Desk Editor's Note private letter to a colleague

LiMoDE sketches a two-stage dynamic MoE for lifelong robot manipulation but the abstract supplies no numbers, baselines, or ablations so the performance claims cannot be checked.

read the letter

The main takeaway is that the paper puts forward a two-stage mixture-of-dynamic-experts scheme for lifelong robot manipulation: a pre-training stage that uses motion-conditioned dynamic routing to activate varying numbers of heterogeneous experts, followed by an adaptation stage that adds new lifelong experts while keeping the pre-trained ones frozen and combining them on the fly. That split is the concrete proposal.

It improves on prior single-task fine-tuning or prompt methods by trying to extract reusable skills through the expert structure rather than treating each task in isolation. The robotics-specific choice to condition routing on motion information is a reasonable domain touch, and the parameter-efficient addition of new experts is a standard way to limit forgetting.

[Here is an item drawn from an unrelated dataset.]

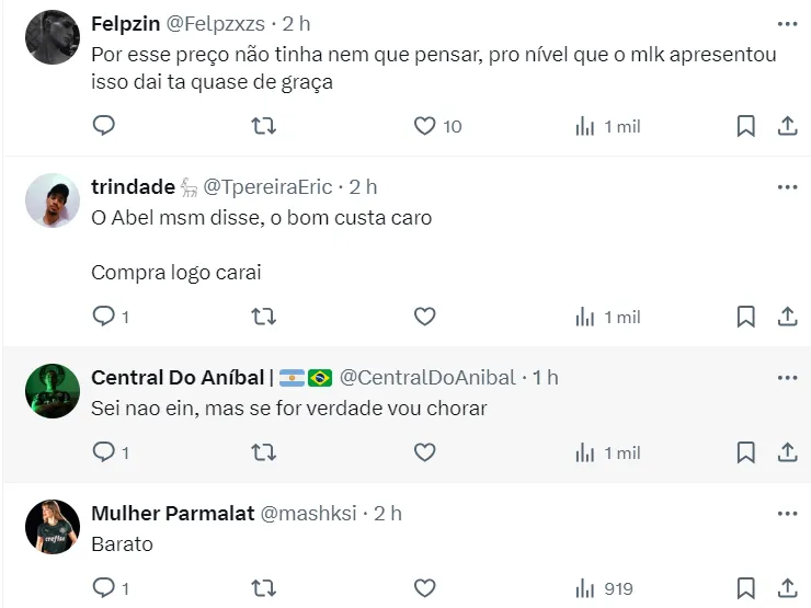Nomes como de Michael, do Al Hilal, e Tetê, do Gatalsaray, são alvos da diretoria e também de Abel Ferreira, mas o alto preço desses atletas afastam um negócio no momento.

The soft spot is the missing evidence for the central transfer assumption. The abstract states that the approach achieves superior performance and strong lifelong adaptation on simulated benchmarks and real tasks with only moderate extra parameters and inference cost, yet it gives no quantitative results, no listed baselines, no forgetting curves, and no ablation that isolates whether the pre-trained experts actually remain reusable and non-interfering once new ones are added. Without those checks the claim that the pre-training stage successfully extracts composable skills does not land.

This is for people already working on continual learning or MoE architectures in robotics who want to see how the two-stage split plays out in manipulation. A reader looking for a method with demonstrated gains will not find enough here yet. It deserves peer review because the problem matters and the architecture is coherent on its own terms; the experiments, if present and solid, would be worth referee time even if they require substantial revision.

Referee Report

3 major / 1 minor

Summary. The manuscript proposes LiMoDE, a two-stage scheme for lifelong robot manipulation. It uses a dynamic MoE in multi-task pre-training to activate varied numbers of heterogeneous experts based on motion information for learning prior knowledge. Then, in adaptation, lifelong experts are learned and dynamically combined with frozen pre-trained ones. It claims superior performance and strong lifelong adaptation on simulated benchmarks and real-world tasks with moderate additional parameters and inference overhead.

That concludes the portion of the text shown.